I'm using Timur's Kernel in a fixed install in my car..

I am using a DCDC converter and also using fast charge..

However even with my brightness down really low (about 15%) it still drains the battery.. if i have no apps open and put the brightness down to the lowest possible it does charge.. but very slowly.

Looking at the battery usage it shows it is primarily the screen with no other processes using an obvious amount of battery.

I thought maybe i could use tasker to automatically dim my screen if im not for example using satnav but i'm not sure if i can do this.. also thats another matter.

Any help would be appreciated...

Thanks... lovett10


----------



## BriST (Apr 30, 2014)

Is the DCDC converter the programmable type? What is it outputting to the N7? Ive read that you need about 5V @ 2A to charge it and have also read that some people have had good results at 5.4V with everything running (satnav etc)


----------



## lovett10 (May 13, 2014)

BriST said:


> Is the DCDC converter the programmable type? What is it outputting to the N7? Ive read that you need about 5V @ 2A to charge it and have also read that some people have had good results at 5.4V with everything running (satnav etc)

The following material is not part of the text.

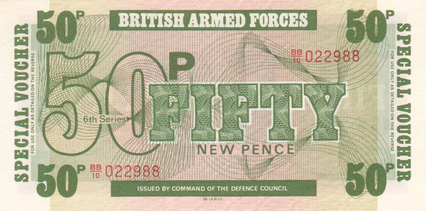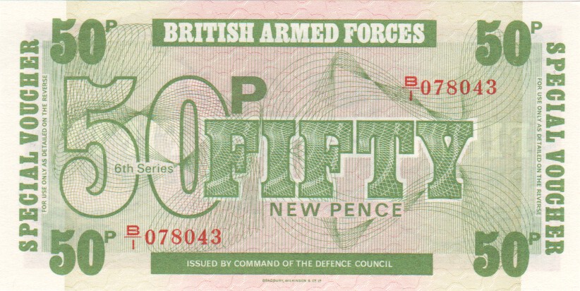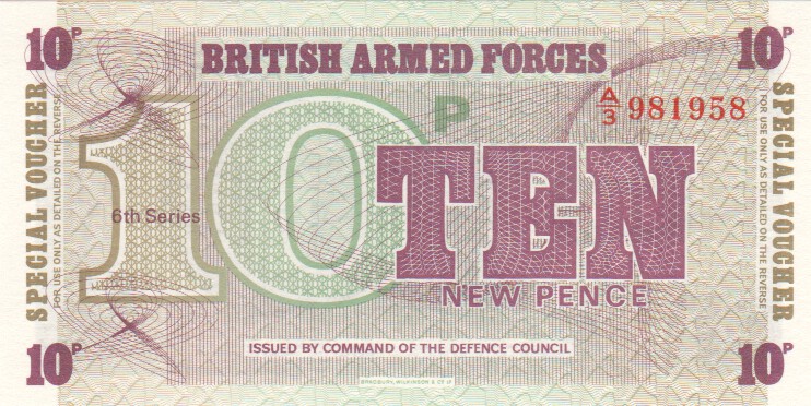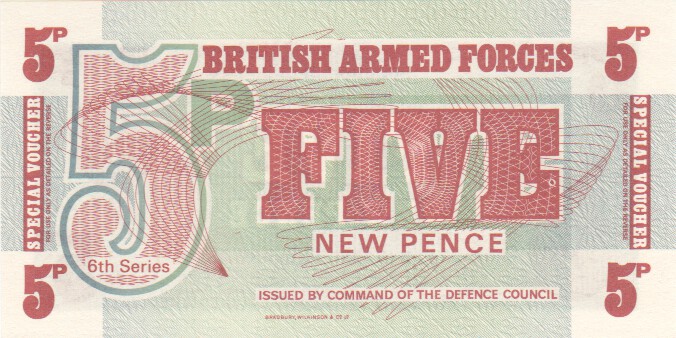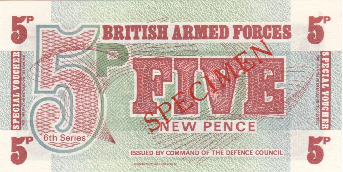 British Military 5 New Pence, M47s5 New PencePrefix (1972)UNC£190.00Scarce, SPECIMEN note
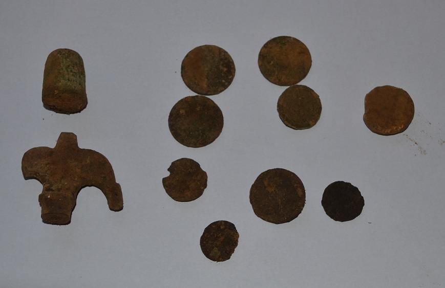 Deux boutons militaires, une clé de robinet

No its not the programmable type its just a 5v 3A max output.. I am getting 5v out.. Havent checked the current but surely that's down to what the tablet itself is pulling?.

Thanks for the help


----------



## lovett10 (May 13, 2014)

I tested the current and its pulling 0.44A...no idea if this is the correct amount or not

Sent from my Nexus 5 using RootzWiki mobile app


----------



## armint (Aug 6, 2013)

Same exact issue. Tablet is less than a year old and hasn't seen heavy use whatsoever... odd...


----------